Given data:

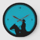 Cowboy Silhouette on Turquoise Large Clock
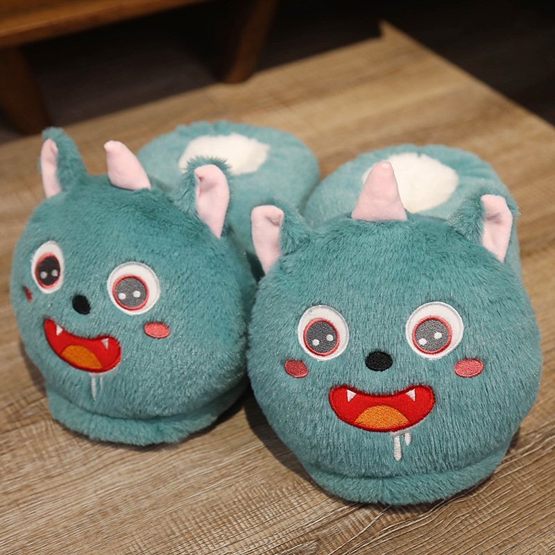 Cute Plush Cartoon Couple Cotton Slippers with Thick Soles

--

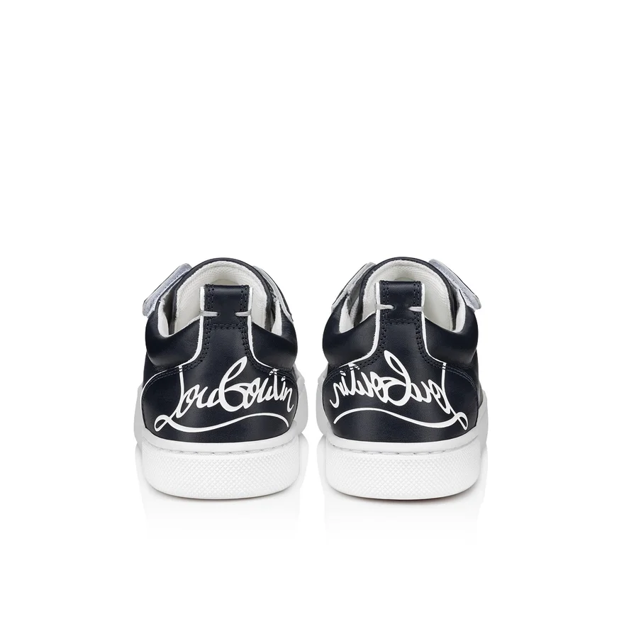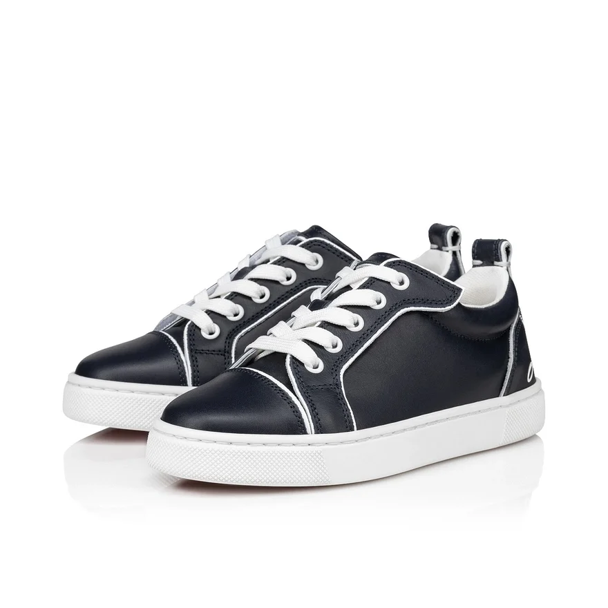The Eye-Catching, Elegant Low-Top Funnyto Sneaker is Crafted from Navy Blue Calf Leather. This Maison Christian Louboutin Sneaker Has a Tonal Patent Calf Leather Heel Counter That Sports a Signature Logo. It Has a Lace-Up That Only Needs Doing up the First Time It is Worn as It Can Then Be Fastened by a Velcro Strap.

==

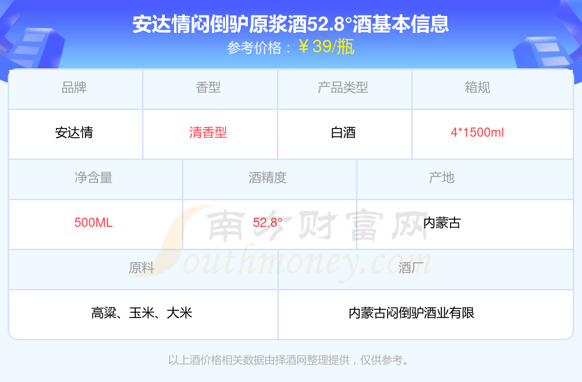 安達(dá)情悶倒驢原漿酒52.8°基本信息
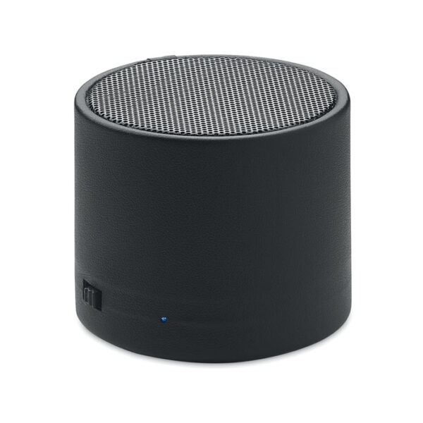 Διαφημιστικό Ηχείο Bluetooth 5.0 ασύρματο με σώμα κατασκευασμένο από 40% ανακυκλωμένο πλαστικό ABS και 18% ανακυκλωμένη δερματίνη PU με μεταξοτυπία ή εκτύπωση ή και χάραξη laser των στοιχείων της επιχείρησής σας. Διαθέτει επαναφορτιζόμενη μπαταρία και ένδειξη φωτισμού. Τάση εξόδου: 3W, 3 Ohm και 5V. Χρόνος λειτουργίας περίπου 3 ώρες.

Exercise:
Pictures aside, print exactly the lines above starting with the one containing "安達(dá)情悶倒驢原漿酒52.8°基本信息" and going on through the one containing "Διαφημιστικό Ηχείο Bluetooth".

Expected output:
 安達(dá)情悶倒驢原漿酒52.8°基本信息
 Διαφημιστικό Ηχείο Bluetooth 5.0 ασύρματο με σώμα κατασκευασμένο από 40% ανακυκλωμένο πλαστικό ABS και 18% ανακυκλωμένη δερματίνη PU με μεταξοτυπία ή εκτύπωση ή και χάραξη laser των στοιχείων της επιχείρησής σας. Διαθέτει επαναφορτιζόμενη μπαταρία και ένδειξη φωτισμού. Τάση εξόδου: 3W, 3 Ohm και 5V. Χρόνος λειτουργίας περίπου 3 ώρες.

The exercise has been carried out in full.